Они довольно долго обсуждали эту проблему. Разумеется, никакого однозначного ответа на вопрос Виконта дать было невозможно. Невозможно было применить к рассматриваемому явлению понятие вероятности в строгом математическом смысле этого термина. Однако, ясно же, что если пятак двадцать три раза подряд падает решкой… или кто-то двадцать три раза подряд, без единого промаха, выигрывает в лотерею (пусть даже всего по рублю за раз)… или хотя бы двадцать три раза подряд делает шестерную на бубях – каждому же ясно, что тут не все ладно и требуется самое тщ-щательное расследование.

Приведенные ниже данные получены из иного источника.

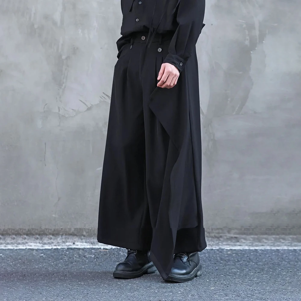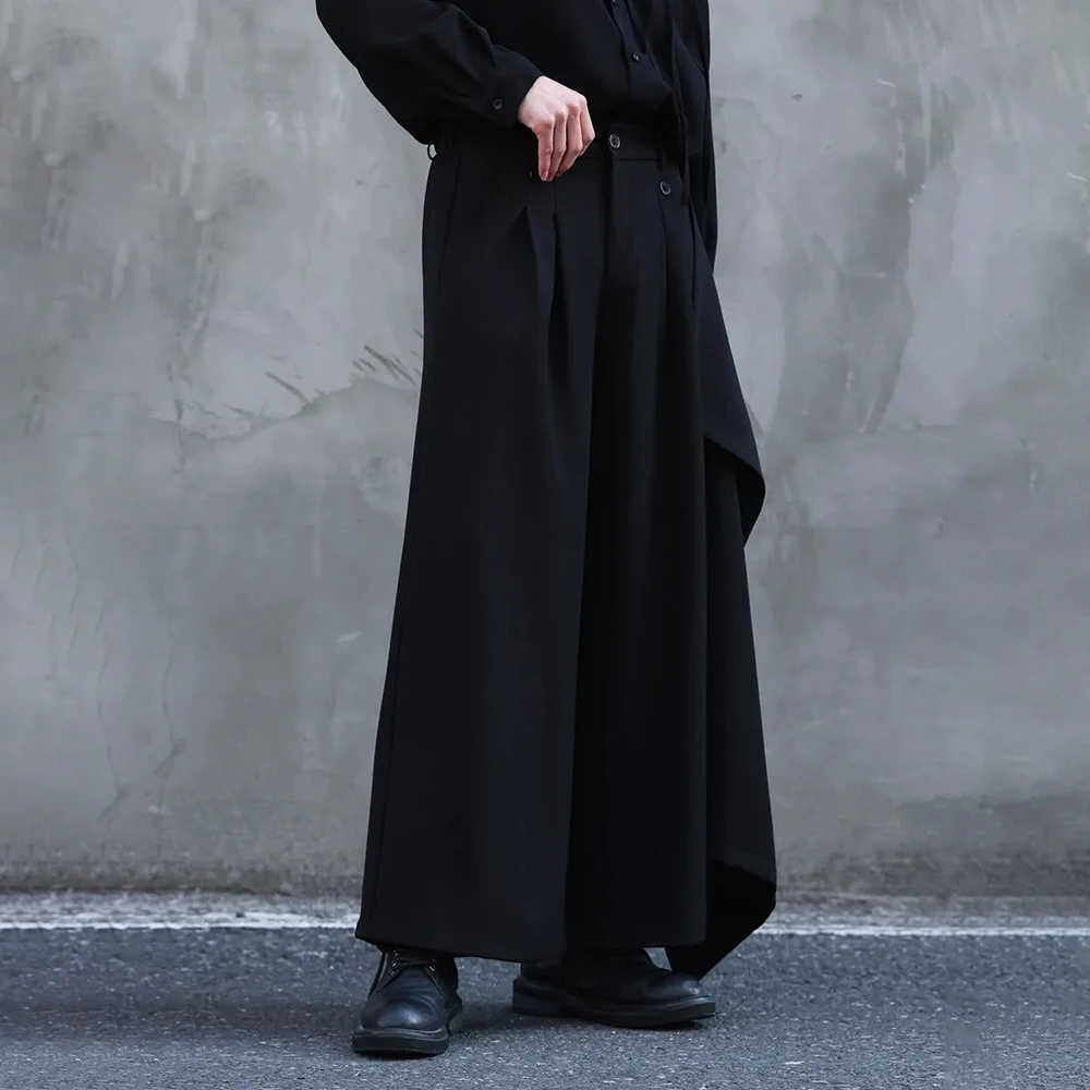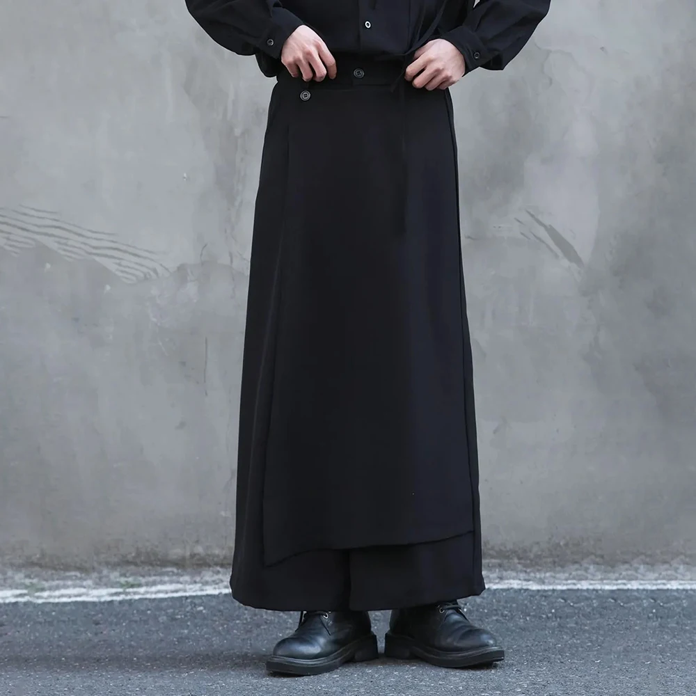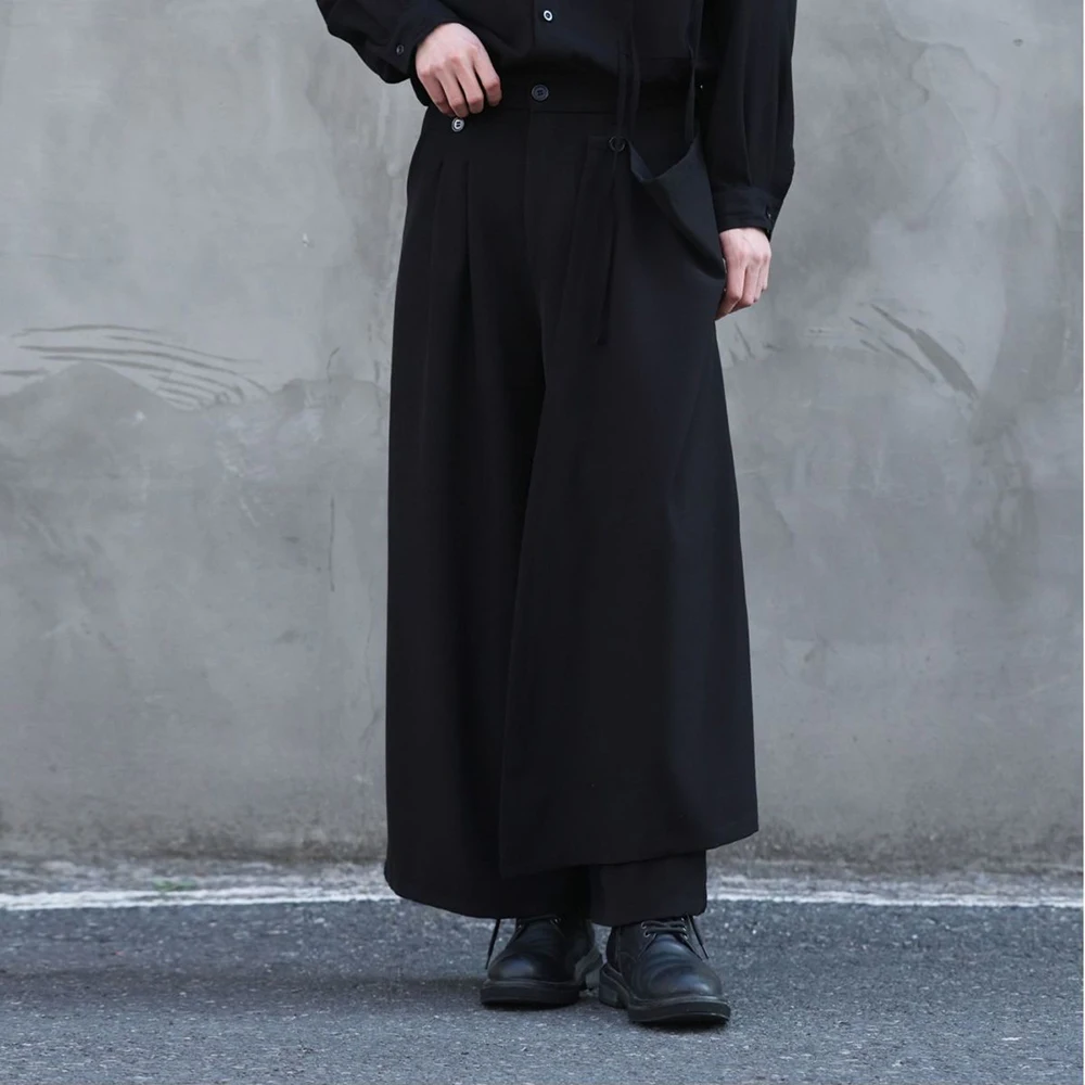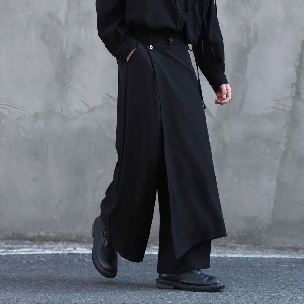 Riolio Y2k Culottes Double-Layer Side Hem Casual Samurai Pants Hakama Genderless Streetwear Fashion Niche Youth Campus Wide-Leg Pants
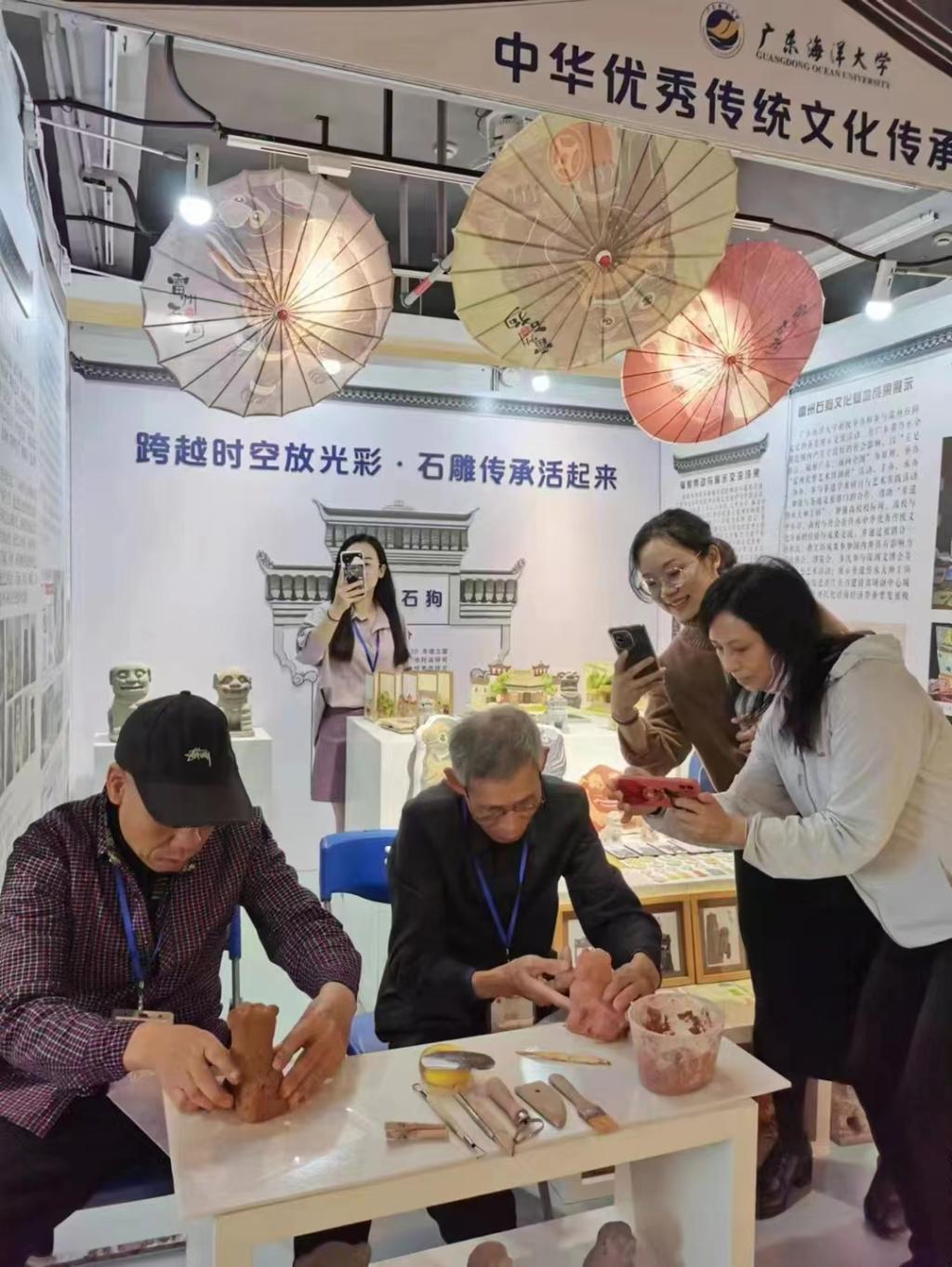 本次交流活动,对雷州石狗石雕及泥塑作品和中歌艺术学院学生以石狗为主题创作的抱枕、书签、手机壳、钥匙扣、立体书等一系列文创产品进行了展示,并对基地开展的工作进行了介绍。非物质文化遗产雷州石狗传承人吴其林、陈应葵还现场展示了雷州石狗泥塑制作过程。形态各异的石狗,丰富多彩的文创产品引得现场的观众纷纷驻足观看,拍照打卡。
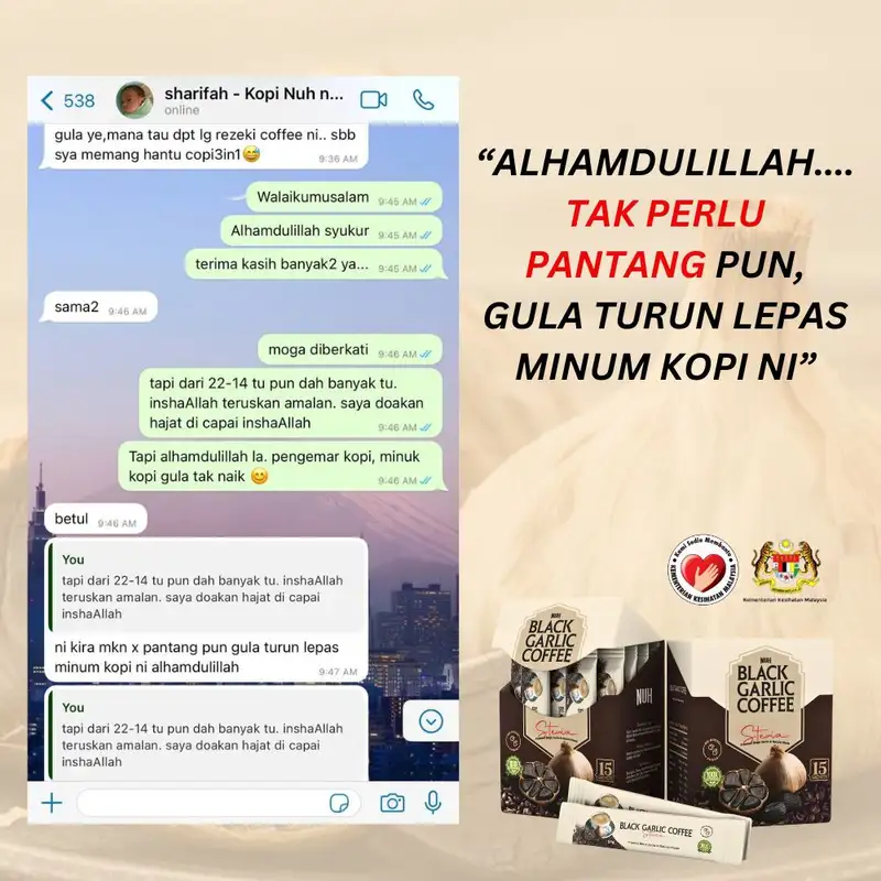 Dibawah adalah testimoni Kopi Nuh Black Garlic
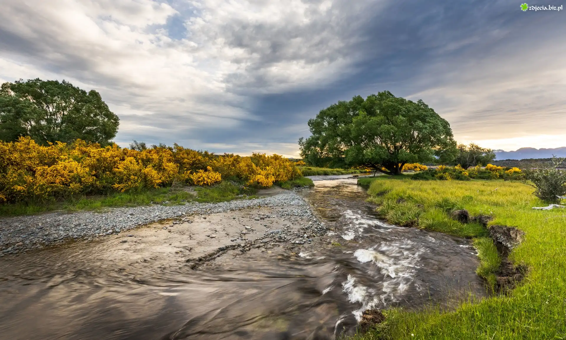 Zdjęcie Rzeka, Krzewy, Drzewa, Chmury

– Тебе придется найти место в своем романе для такого именно тщ-щательного расследования, – сказал Виконт. – Иначе никто ничего не поймет.

– А я и сам ничего не понимаю, – признался Станислав.

– Должон понять! – объявил Виконт, перефразируя известный анекдот. И они выпили еще кюрасо.


Станислав, однако же, не последовал этому совету. Ему показалось скучным заниматься стохастическим анализом того, что и без всякого анализа (а может быть, именно благодаря отсутствию такового) выглядело и странно, и загадочно, и многозначительно. В конце концов, он же писал не научный трактат какой-нибудь, а роман о человеке, который вдруг обнаруживает влияние на свою жизнь некоей загадочной Руки и постепенно приходит к мысли о некоем Скрытом Предназначении своем… В самом конце романа он догадывается, в чем именно состоит это Предназначение, и становится… Кем? И в чем состоит Предназначение?..

– Как ты считаешь, имею я право привирать? – спрашивал он Виконта озабоченно.

– Зачем?

– Во-первых, для интересу. А во-вторых, если я придумаю Предназначение, мне все равно придется все мои истории под него подгонять, а значит – выдумывать то, чего не было.

– А пока ты еще его не придумал? Предназначения своего?

– Пока – нет.

– Тогда пока и не привирай, – решил мудрый Виконт. – Чего ради? Двадцать три ситуации. На кой тебе ляд придумывать двадцать четвертую без самой настоятельной необходимости?